There are many types of computing resources that can be utilized to facilitate big data analysis. For example, central processing units (CPUs) are one type of computing resources that is used for general purpose computing. Graphics Processor Units (GPUs) or Field Programmable Gate Arrays (FPGAs) are also used for more specific workloads since such hardware components are optimized for specific functions. These components are often called “hardware accelerators”, since they accelerate the computing workload by offloading a part of the workload from the CPUs.

In related art implementations, there are hybrid computing systems including FPGAs and CPUs involving an orchestrator that monitors resource utilization and workload, and also decides when the application is to use FPGAs or only CPUs based on the monitoring information.

In related art implementations, there is also an information system using FPGA for conducting partial operations for SQL query operations. Such related art systems receive queries from application servers, break down the queries to multiple operations, and dispatch each of the operations to either CPU (software) or FPGA.

SUMMARY

Aspects of the present disclosure can involve a method involving receiving a history of a Structured Query Language (SQL) query, the history including transform operations associated with the SQL query and query operations associated with the SQL query; determining a penalty for modifying the transform operations and the query operations associated with the SQL query; and based on the history of SQL queries, modifying the transform operations and query operations associated with the SQL query for the penalty not exceeding a threshold.

Aspects of the present disclosure involve a non-transitory computer readable medium, storing instructions for executing a process, the instructions involving receiving a history of a Structured Query Language (SQL) query, the history comprising transform operations associated with the SQL query and query operations associated with the SQL query; determining a penalty for modifying the transform operations and the query operations associated with the SQL query; and based on the history of SQL queries, modifying the transform operations and query operations associated with the SQL query for the penalty not exceeding a threshold.

Aspects of the present disclosure can involve a system involving means for receiving a history of a Structured Query Language (SQL) query, the history including transform operations associated with the SQL query and query operations associated with the SQL query; means for determining a penalty for modifying the transform operations and the query operations associated with the SQL query; and based on the history of SQL queries, means for modifying the transform operations and query operations associated with the SQL query for the penalty not exceeding a threshold.

Aspects of the present disclosure can involve a management server, configured to manage a system involving general hardware for conducting general analytics on a data lake, and special hardware for conducting special analytics on a data warehouse, the management server involving a processor, configured to receive a history of a Structured Query Language (SQL) query, the history involving transform operations associated with the SQL query and query operations associated with the SQL query; determine a penalty for modifying the transform operations and the query operations associated with the SQL query; and based on the history of SQL queries, modify the transform operations and query operations associated with the SQL query for the penalty not exceeding a threshold.
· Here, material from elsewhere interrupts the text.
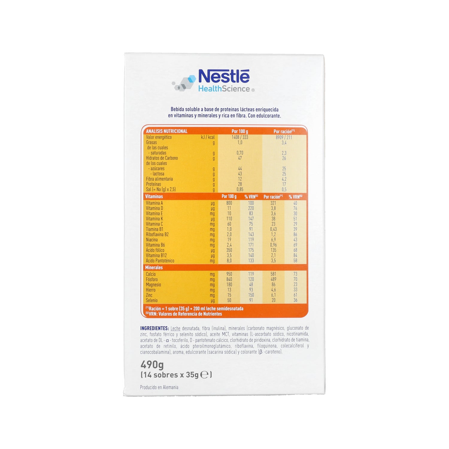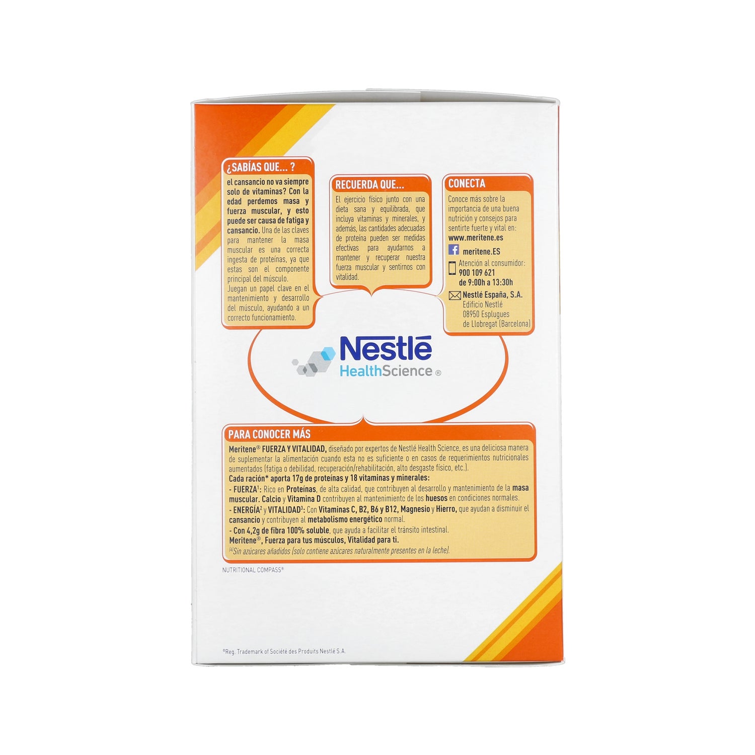 Wanilia smakowa Meritene Fibra jest produktem podobnym do klasycznych kopert Meritene, aby uzupełnić wkład posiłków, ale z tą różnicą, że w tym przypadku zawiera włókno .

BRIEF DESCRIPTION OF DRAWINGS

FIG. 1 illustrates an example big data analytics system, in accordance with an example implementation.
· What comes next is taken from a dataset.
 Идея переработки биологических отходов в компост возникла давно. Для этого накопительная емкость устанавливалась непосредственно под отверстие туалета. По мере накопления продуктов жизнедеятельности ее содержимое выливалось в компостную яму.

FIG. 2 illustrates an example table join operation, in accordance with an example implementation.

FIG. 3 illustrates an example of the retrieved workload characteristics, in accordance with an example implementation.
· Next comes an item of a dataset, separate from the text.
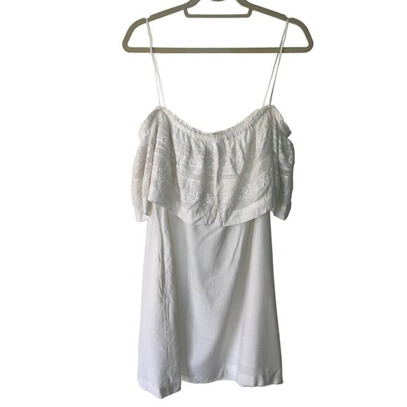 L*Space Women Abby Mini Dress Size Large White Off The Shoulder Ruffle Neck New

FIG. 4 illustrates an example of the retrieved data from transform operations, in accordance with an example implementation.

FIG. 5 illustrates an example of the operation in transform optimization adding an extra transform, in accordance with an example implementation.

FIG. 6 illustrates an example of the operation in transform optimization for removing the extra transform, in accordance with an example implementation.

FIG. 7 illustrates an example of a physical configuration of the system in which the example implementations as described herein may be applied.

DETAILED DESCRIPTION

The following detailed description provides further details of the figures and example implementations of the present application. Reference numerals and descriptions of redundant elements between figures are omitted for clarity. Terms used throughout the description are provided as examples and are not intended to be limiting. For example, the use of the term “automatic” may involve fully automatic or semi-automatic implementations involving user or administrator control over certain aspects of the implementation, depending on the desired implementation of one of ordinary skill in the art practicing implementations of the present application. Selection can be conducted by a user through a user interface or other input means, or can be implemented through a desired algorithm. Example implementations as described herein can be utilized either singularly or in combination and the functionality of the example implementations can be implemented through any means according to the desired implementations.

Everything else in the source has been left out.